Paperbark gum

Scientific classification
- Kingdom: Plantae
- Clade: Tracheophytes
- Clade: Angiosperms
- Clade: Eudicots
- Clade: Rosids
- Order: Myrtales
- Family: Myrtaceae
- Genus: Eucalyptus
- Species: E. chartaboma
- Binomial name: Eucalyptus chartaboma D.Nicolle

= Eucalyptus chartaboma =

- Genus: Eucalyptus
- Species: chartaboma
- Authority: D.Nicolle

Species of eucalyptus

Eucalyptus chartaboma, commonly known as paperbark gum, is a eucalypt that is endemic to Queensland.
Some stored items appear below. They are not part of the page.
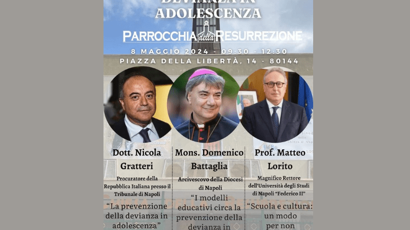 L’8 maggio, alle 9:30, gli studenti di alcune scuole superiori dell’area nord di Napoli incontreranno, presso la Parrocchia della Resurrezione di Scampia, autorevoli figure istituzionali per discutere di un tema cruciale come la prevenzione della devianza tra i giovani.
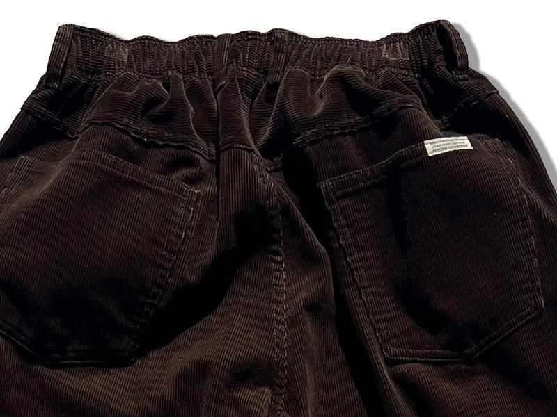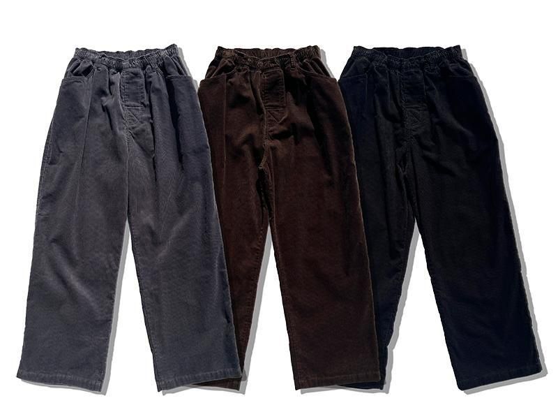細畝のコーデュロイを使用したスラックス。シルエットは25SSでも好評だったストレートタイプから裾幅を若干狭く微調整したテーパード感の少ないシルエット。ウエストはゴム仕様ながらベルトループも付くのでタックインでの着こなしにも対応着用モデル身長180cm
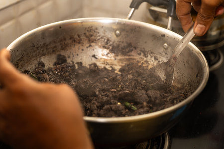 A butcher is chopping up mutton meat and mixing it with blood, spices, and other ingredients. The fry is then cooked in a pan until it is crispy and brown.

It is a medium-sized tree with soft, papery, fibrous bark on the lower trunk, smooth white to pale cream-coloured bark above, lance-shaped adult leaves, flower buds in groups of seven, orange-coloured flowers and oval to urn-shaped fruit. The flower buds and fruit have distinct ribs along their sides.

==Description==
Eucalyptus chartaboma is a tree that grows to a height of up to 18 m, often with several stems, and forms a lignotuber. The bark on the lower trunk is soft, fibrous and papery, brownish to white, smooth white to cream-coloured above. The leaves on young plants and on coppice regrowth are egg-shaped, dull green, 50-90 mm long and 30-45 mm wide. Adult leaves are lance-shaped, a paler shade of dull green on the lower side, 85-165 mm long and 13-25 mm wide. The flower buds are arranged in groups of seven in leaf axils on a peduncle 16-30 mm long, the individual flowers sessile or on a pedicel up to 5 mm long. Mature buds are glaucous, spindle-shaped to diamond-shaped, 16-21 mm long and 8-11 mm wide, with ribs along the sides and a conical operculum. Flowering occurs between January and April and the flowers are orange. The fruit is a woody truncated oval to urn-shaped capsule 30-75 mm long and 30-65 mm wide, with ribs along the sides and the valves enclosed.

==Taxonomy and naming==
Eucalyptus chartaboma was first formally described in 2000 by Dean Nicolle from a specimen collected north of Mount Garnet and the description was published in the journal Nuytsia. The specific epithet (chartaboma) is derived from the Ancient Greek words charte meaning "leaf of paper" and bomos meaning "base", "stand" or "altar", referring to papery bark on the trunk of this eucalypt.

==Distribution and habitat==
Paperbark gum usually grows on low hills and occurs in scattered locations near Croydon, Einasleigh and Mount Garnet, then as far north as Maitland Downs on the southern Cape York Peninsula.